# [Task statement]
Show each line of the entries below in which the word "side" appears.
─── Supplied records
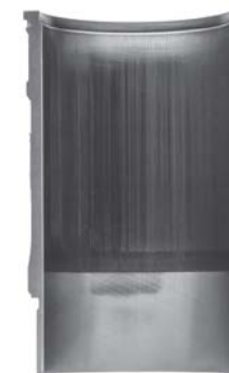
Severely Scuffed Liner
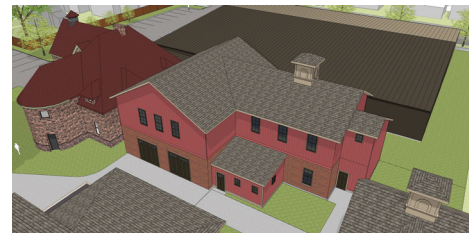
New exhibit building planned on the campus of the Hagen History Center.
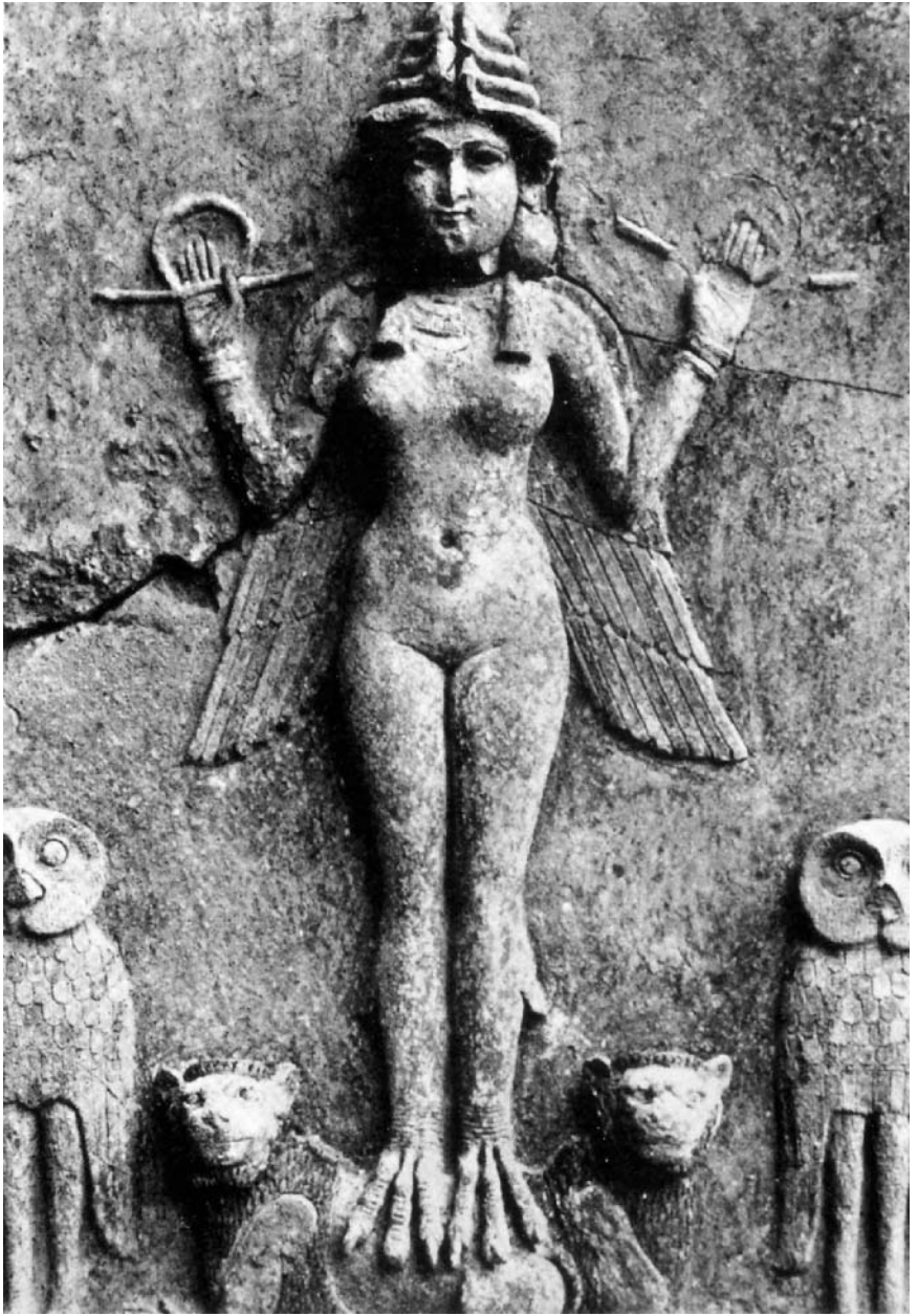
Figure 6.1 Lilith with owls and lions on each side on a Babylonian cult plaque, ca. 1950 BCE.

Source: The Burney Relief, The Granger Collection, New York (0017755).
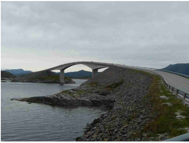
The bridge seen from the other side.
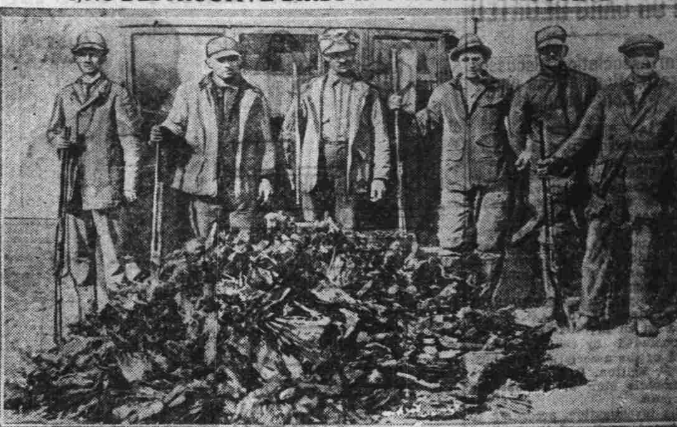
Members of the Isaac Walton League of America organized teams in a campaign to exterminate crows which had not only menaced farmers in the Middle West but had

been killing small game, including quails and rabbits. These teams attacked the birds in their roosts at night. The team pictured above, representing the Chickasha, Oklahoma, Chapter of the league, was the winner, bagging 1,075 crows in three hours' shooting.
──────
─── Supplied records
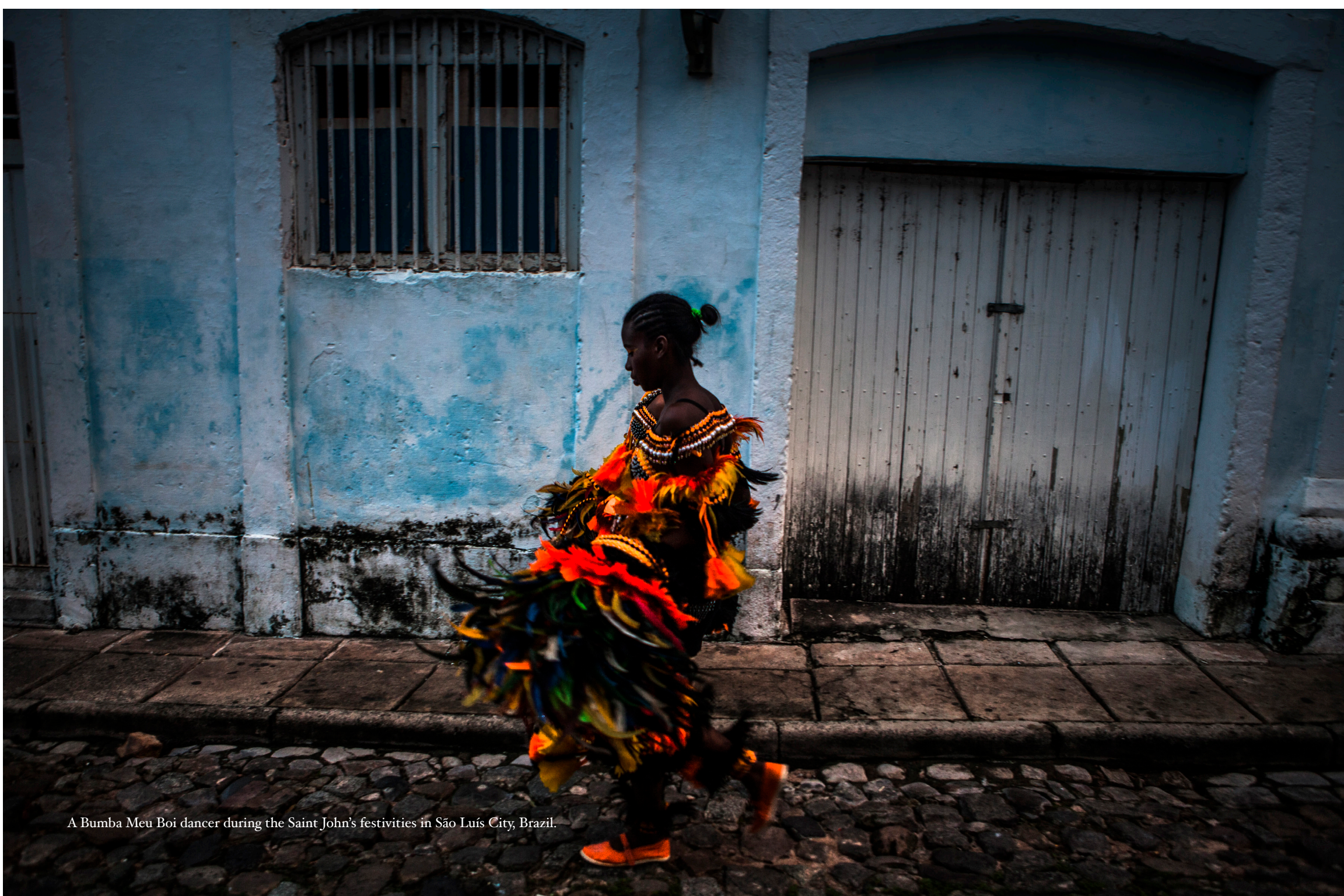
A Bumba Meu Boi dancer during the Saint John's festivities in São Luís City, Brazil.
──────
# [Reply to the task]
Figure 6.1 Lilith with owls and lions on each side on a Babylonian cult plaque, ca. 1950 BCE.
The bridge seen from the other side.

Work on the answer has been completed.